We could sit here and try to tell you exactly how it works, but the truth is, we have never created a VR headset ourselves. We have a lot of experience reviewing them and playing Beat Saber, but we have yet to create our own virtual hardware. So instead of reading our writing that may or may not make sense about their technology, we have included the beef of the blog post from Facebook. You can see that below.
The Oculus Insight system uses a custom hardware architecture and advanced computer vision algorithms — including visual-inertial mapping, place recognition, and geometry reconstruction — to establish the location of objects in relation to other objects within a given space. This novel algorithm stack enables a VR device to pinpoint its location, identify aspects of room geometry (such as floor location), and track the positions of the headset and controllers with respect to a 3D map that is generated and constantly updated by Insight. The data used for this process comes from three types of sensors built into the Quest and Rift S hardware:
- Linear acceleration and rotational velocity data from IMUs in the headset and controllers are integrated to track the orientation and position of each with low latency.

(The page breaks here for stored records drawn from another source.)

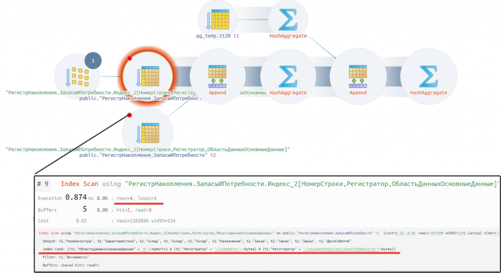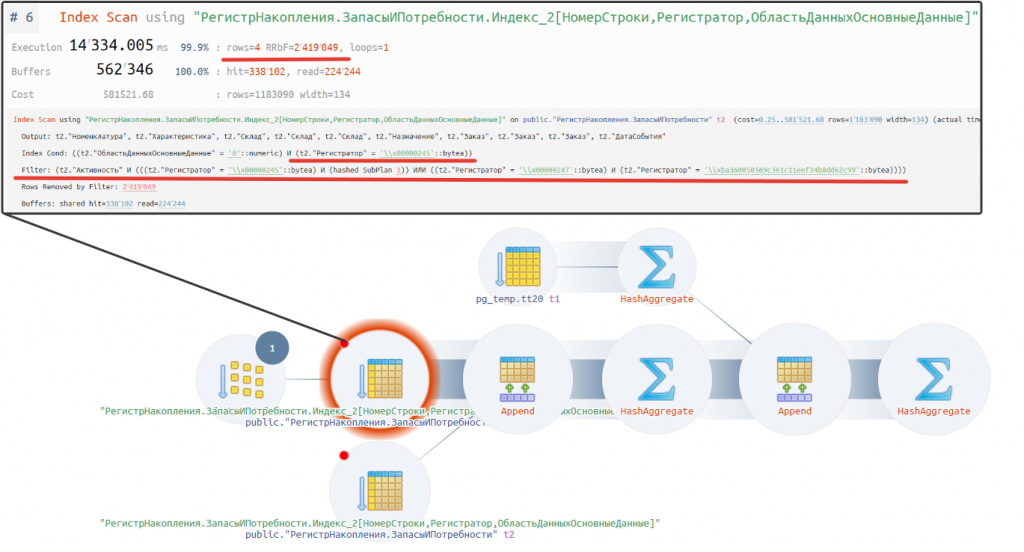 Если мы наведем мышку на этот оператор, то во всплывающем окне появится расшифровка. Давайте посмотрим на нее подробнее. И мы видим, что данные выбираются через индекс регистра накопления «Запасы и потребности», однако эта операция выполняется очень долго. И это неудивительно: в процессе отбирается всего 4 записи, но для этого впустую перебирается почти 2.5 млн строк. На это прямо указывает значение Rows Removed by Filter (RRBF) — количество строк, отброшенных фильтром после сканирования.
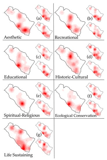 Mapped results for seven nonmaterial-intangible cultural ecosystem service (NICE) valuations. Note: For each NICE value map, left is Total surveyed population, top-right is Young Educated group, and bottom-right is Old Experienced group for (a) through (g).
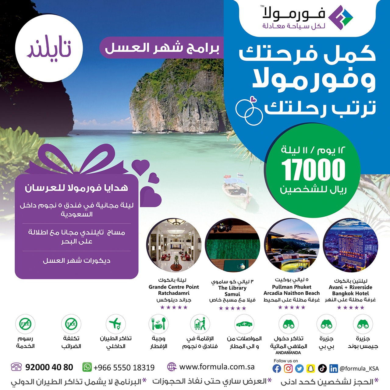 احصل على هدايا فورمولا للعرسان عند حجز إحدى برامج شهر العسل
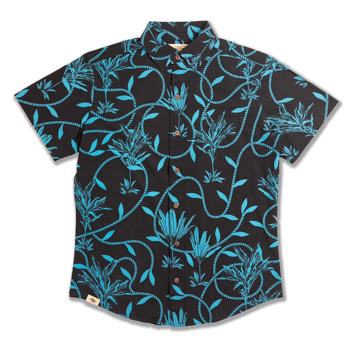 This floral print features the leaves of the Ti plant. Ti can be woven into a beautiful lei, featured here flowing throughout the print. This highly prized plant also is used for many ceremonial and domestic purposes in Hawaii.
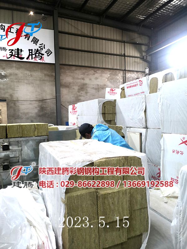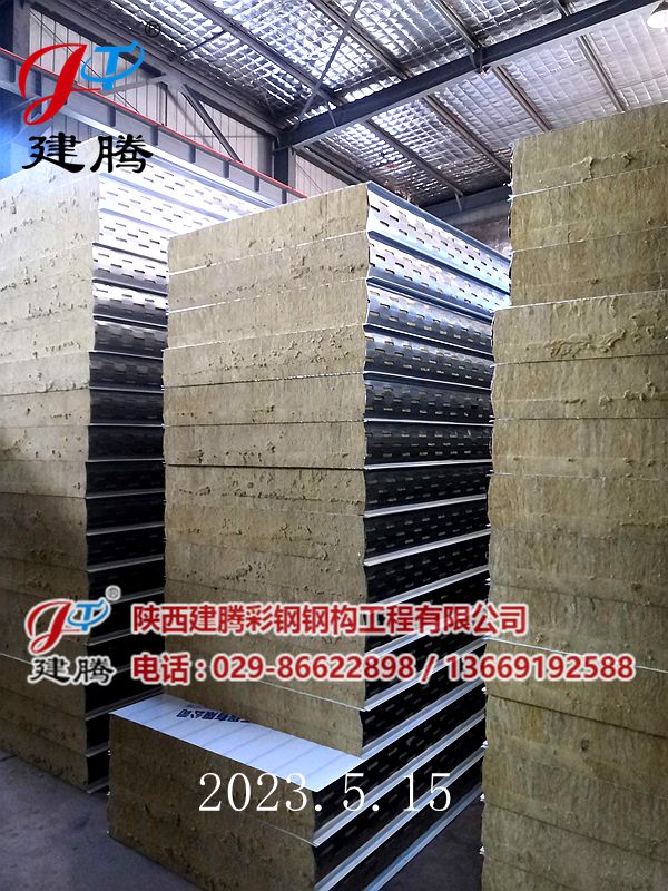 2023.5.16150厚巖棉120公斤容重彩鋼烘道夾芯板裝車中
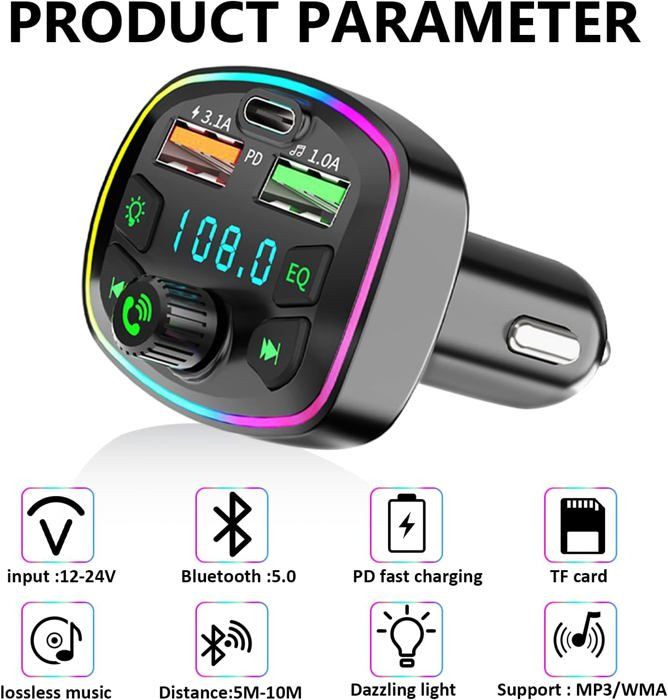 Transmetteur FM Voiture Bluetooth 5.3 Émetteur FM PD 30W QC3.0 18W Charge Rapide Kit Mains Libres Microphone RBR Anneau LED Adaptateur Allume-cigare

- Image data from cameras in the headset helps generate a 3D map of the room, pinpointing landmarks like the corners of furniture or the patterns on your floor. These landmarks are observed repeatedly, which enables Insight to compensate for drift (a common challenge with IMUs, where even tiny measurement discrepancies build up over time, resulting in inaccurate location tracking).
- Infrared LEDs in the controllers are detected by the headset cameras, letting the system bound the controller position drift caused by integrating multiple IMUs.
As you move, Oculus Insight detects pixels in images with high contrast, such as the corners of a window. These high-contrast image regions are tracked and associated over time, from image to image. Given a long enough baseline of observations, Oculus Insight is able to triangulate the 3D position of each point in your surroundings. This forms the basis of the system’s 3D environment map.
As you can tell by reading that, the company has a firm grasp on how this was all put together, and also some great detailed descriptions for anyone trying to create something of their own. 3D maps have always been important to AR, and now VR is using the same technology with SLAM. Again, instead of us trying to explain SLAM to you, we will let the professionals do what they do best. Talk about technology and how it works. Check out their statement below.
Academic research has been done on SLAM techniques for several decades, but the technology has only recently become mature enough for consumer applications, such as driverless cars and mobile AR apps. Facebook previously released a version of SLAM for AR on mobile devices which uses a single camera and inertial measurement unit (IMU) to track a phone’s position and enable world-locked content — content that’s visually anchored to real objects in the world. Oculus Insight is the second generation of this library, and it incorporates significantly more information from a combination of multiple IMUs and ultra-wide-angle cameras, as well as infrared LEDs to jointly track the 6DoF position of a VR headset and controllers.